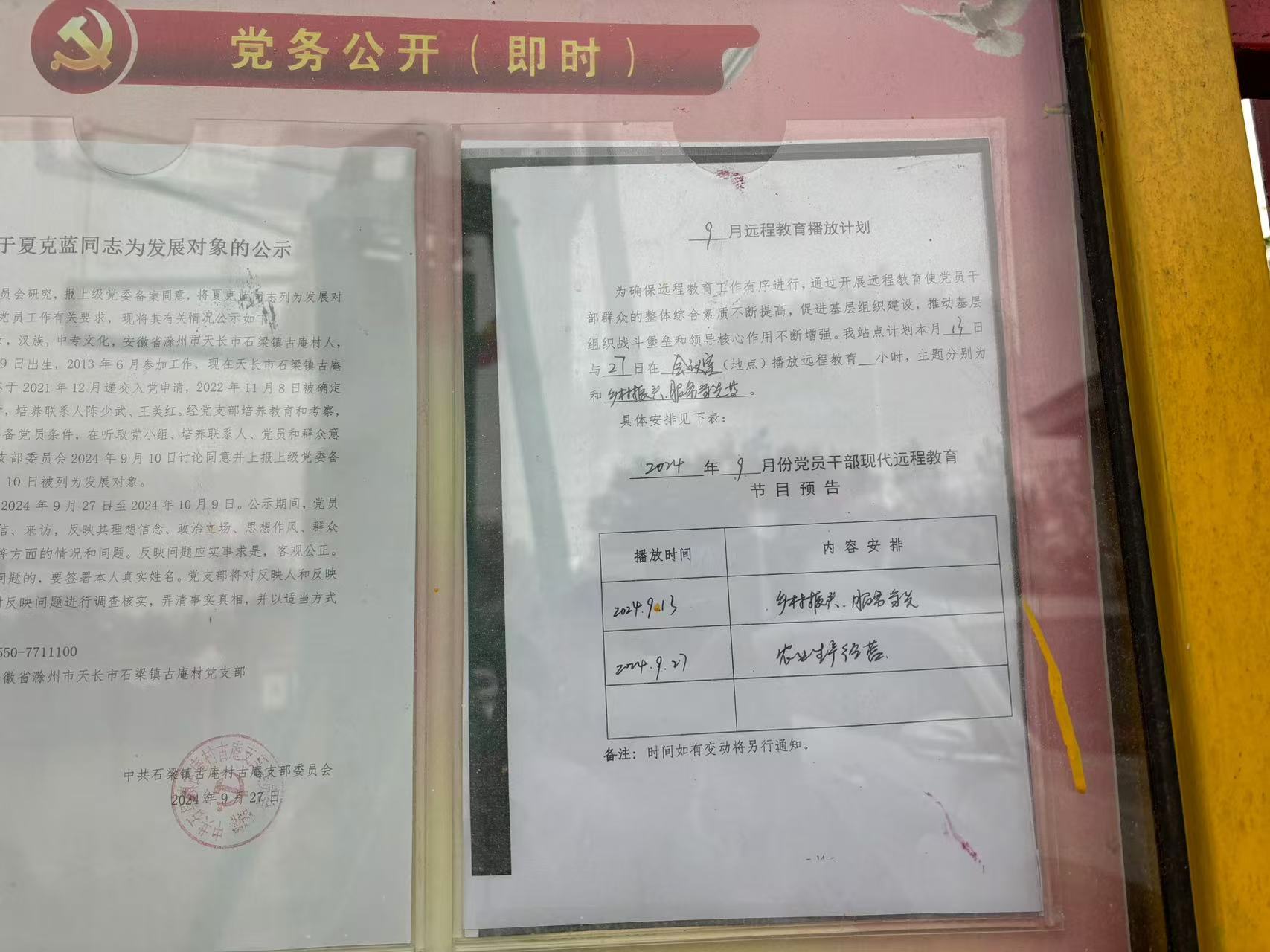 2024年9月份遠程教育播放計劃:定于2024年9月13日和9月27日在村黨員活動室播放遠程教育,內容分別為《鄉村振興,服務當先》和《農業生產經營》,請大家屆時前來觀看。
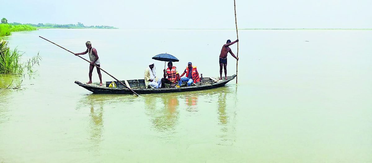 यूपी के अहिरौली दान से विशुनपुर तक नाव से तटबंध की निगरानी
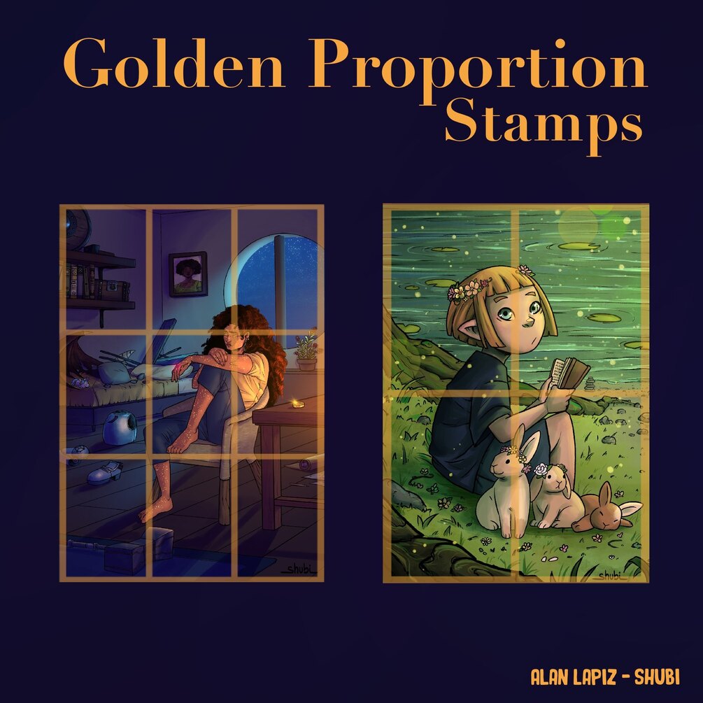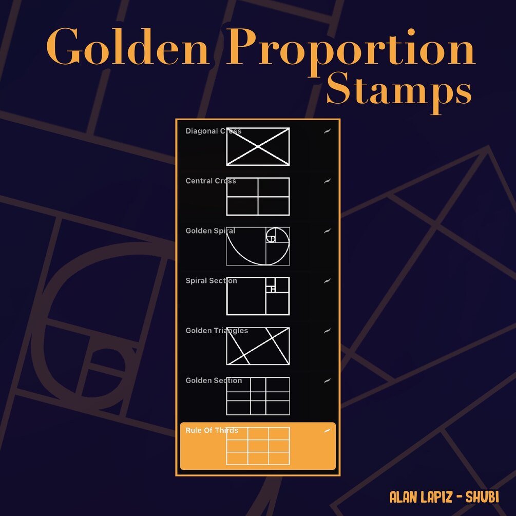These golden ratio stamps are super useful to help you with the compositions of your illustrations. You just have to set it with a touch and adjust it to the size of your canvas.

> Assigned task
Output the full material above exactly, leaving every picture out.

> Reply to the exercise
 2024年9月份遠程教育播放計劃:定于2024年9月13日和9月27日在村黨員活動室播放遠程教育,內容分別為《鄉村振興,服務當先》和《農業生產經營》,請大家屆時前來觀看。
 यूपी के अहिरौली दान से विशुनपुर तक नाव से तटबंध की निगरानी
These golden ratio stamps are super useful to help you with the compositions of your illustrations. You just have to set it with a touch and adjust it to the size of your canvas.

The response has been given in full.